MediaTek's AI ASIC (Google TPU) Demand Surges, Target Raised to NT$2,988; Overweight
Core Conclusion
MediaTek's 1Q26 earnings call delivered a major positive surprise: management raised 2026 Google TPU revenue guidance from US$1bn to US$2bn, and for the first time confirmed 2nm TPU mass production in 2027 (previously expected 1H28). This AI ASIC ramp is now the dominant earnings driver, capable of offsetting a 15% smartphone market decline. We raise our 2028 EPS estimate by 16% to NT$200.57 and our price target to NT$2,988. The stock at 19x 2027e EPS remains attractive; we maintain Overweight and Top Pick.

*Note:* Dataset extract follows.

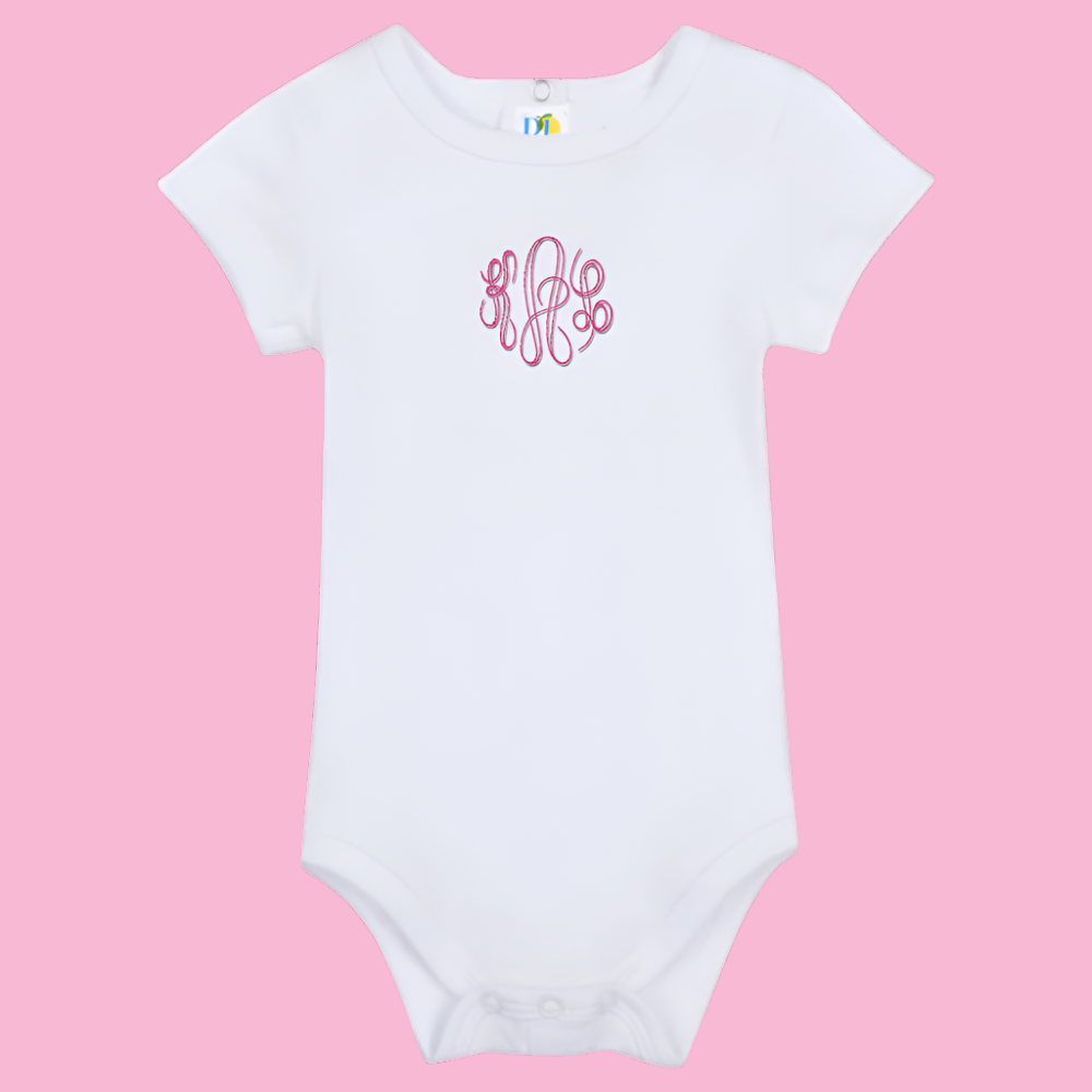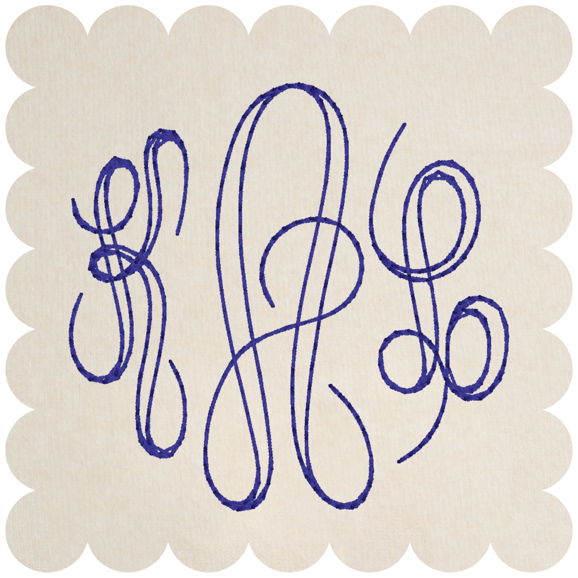 This monogram, perfect for a personalized baby gift, allows you to specify the three letters and select up to two thread colors. For a one color monogram, please specify the same color in the first and second choices.

What the Market May Be Underpricing
The consensus has been too conservative on both the magnitude and timing of MediaTek's TPU business. Three specific underpriced elements: (1) 2026 TPU revenue of US$2bn already exceeds our prior bull case of US$1.6bn, driven by stronger 3nm Zebrafish demand (500k units at US$4,000 ASP). (2) For 2027, management implied a TAM of US$70-80bn with 10-15% share (midpoint US$9.5bn), aligning with our US$10bn forecast but above Street range of US$5-10bn — we now model US$12bn. (3) The 2nm Humufish TPU ASP could reach US$12-15k (vs. prior US$8-10k) due to double computing dies and larger packaging, adding significant revenue upside beyond current estimates. Additionally, management indicated ASIC will remain accretive to operating margin, countering the dilution narrative.
Evidence Chain
1. Revenue Guidance Surprise: MediaTek raised 2026 TPU revenue to US$2bn from US$1bn. Supply chain checks confirm the 3nm TPU v8t (Zebrafish) is used for training, and Google announced general availability later in 2026. We now assume 500k units at US$4,000 ASP.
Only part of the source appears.